═══ DATA BELOW

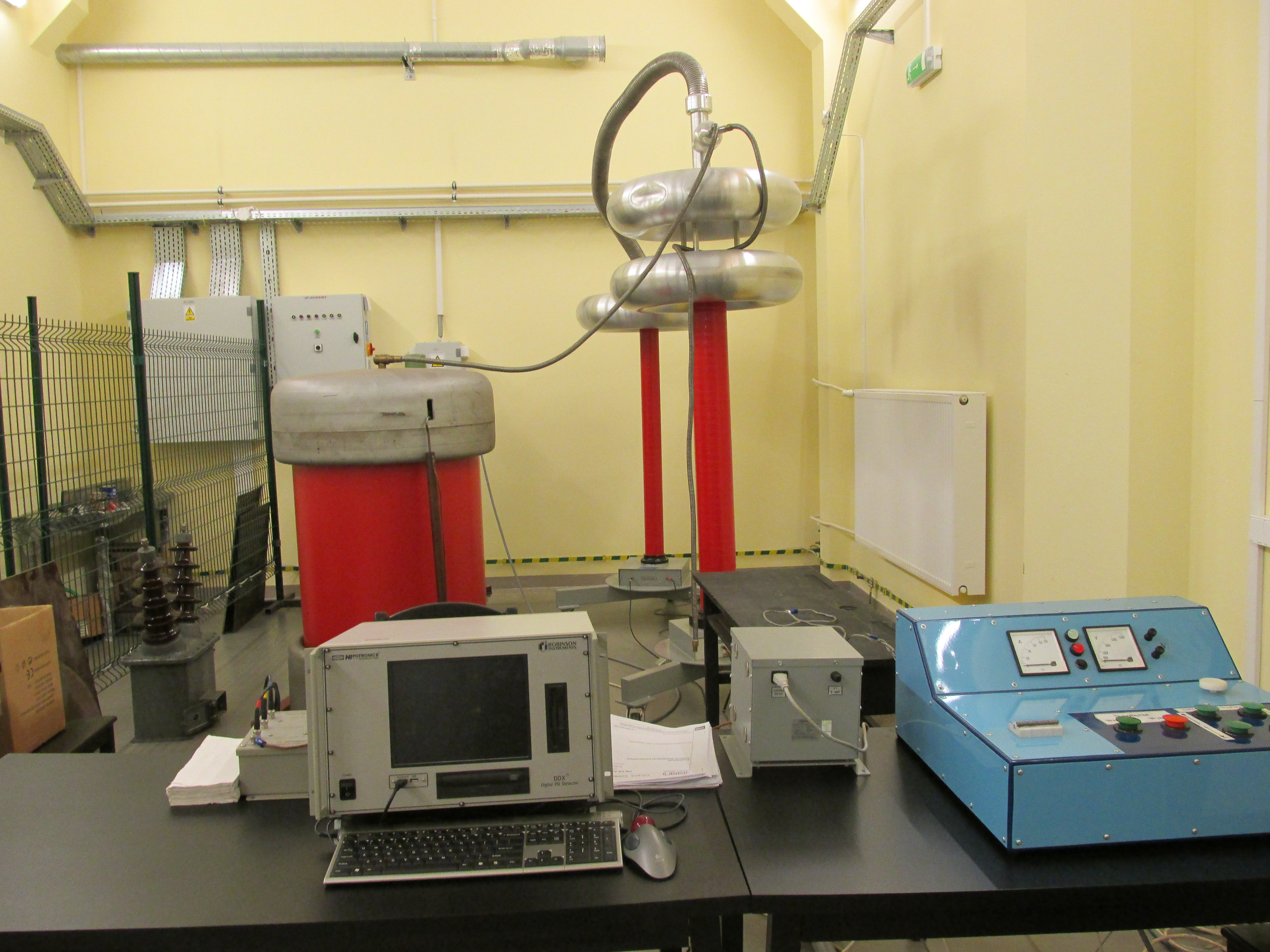 Arrangement dedicated for partial discharge (PD) measurement at high voltage (HV) devices
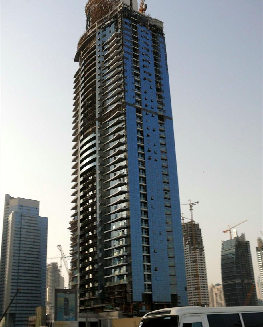 This is a photo showing the construction of Concorde Tower, located in Jumeirah Lake Towers in Dubai, United Arab Emirates, on 15 May 2008.
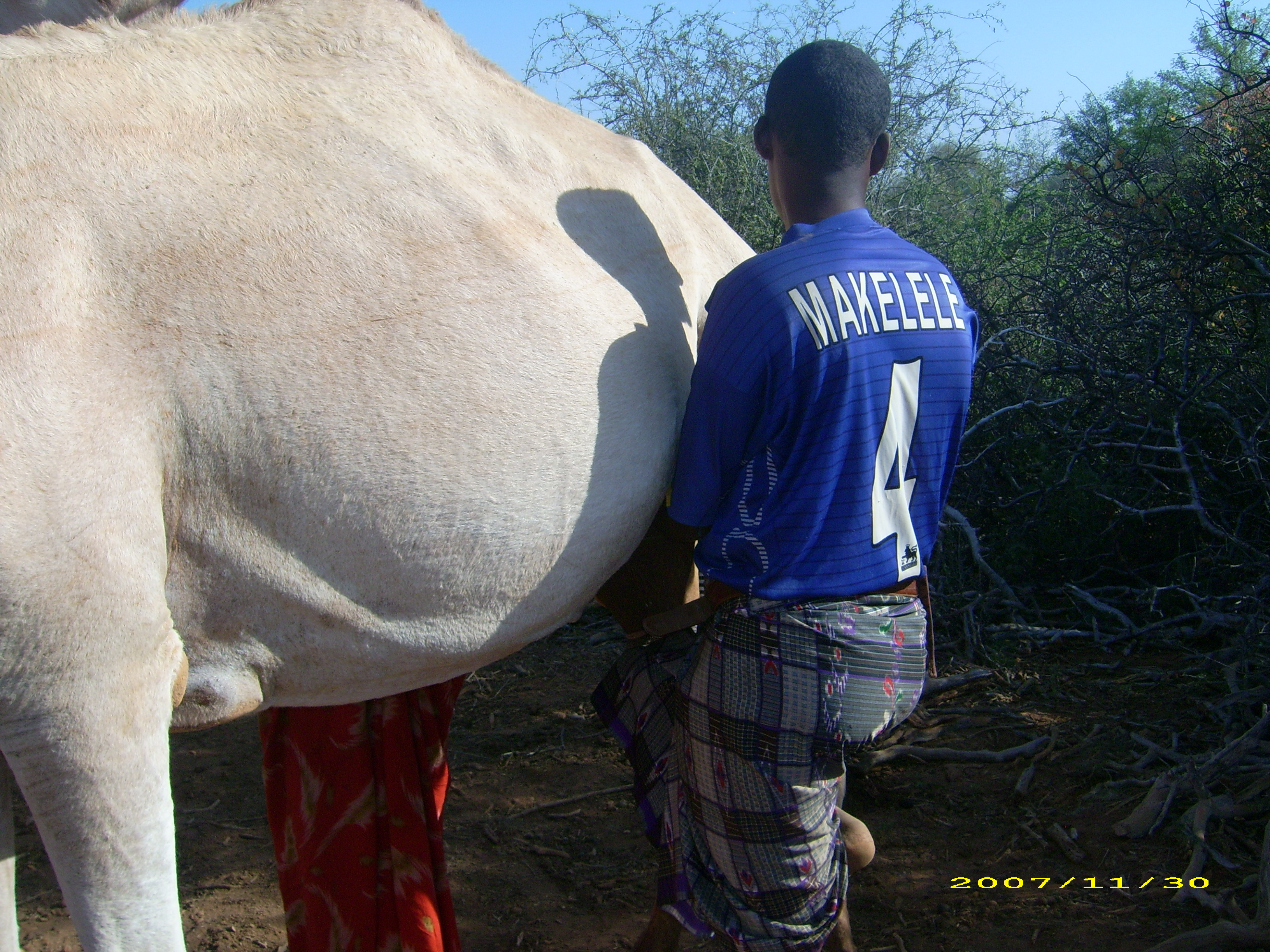 Milking an Camelidae

══════

WHAT THE TASK ASKS – With the pictures left out, return the listing above exactly as it stands.

RESPONSE –
 Arrangement dedicated for partial discharge (PD) measurement at high voltage (HV) devices
 This is a photo showing the construction of Concorde Tower, located in Jumeirah Lake Towers in Dubai, United Arab Emirates, on 15 May 2008.
 Milking an Camelidae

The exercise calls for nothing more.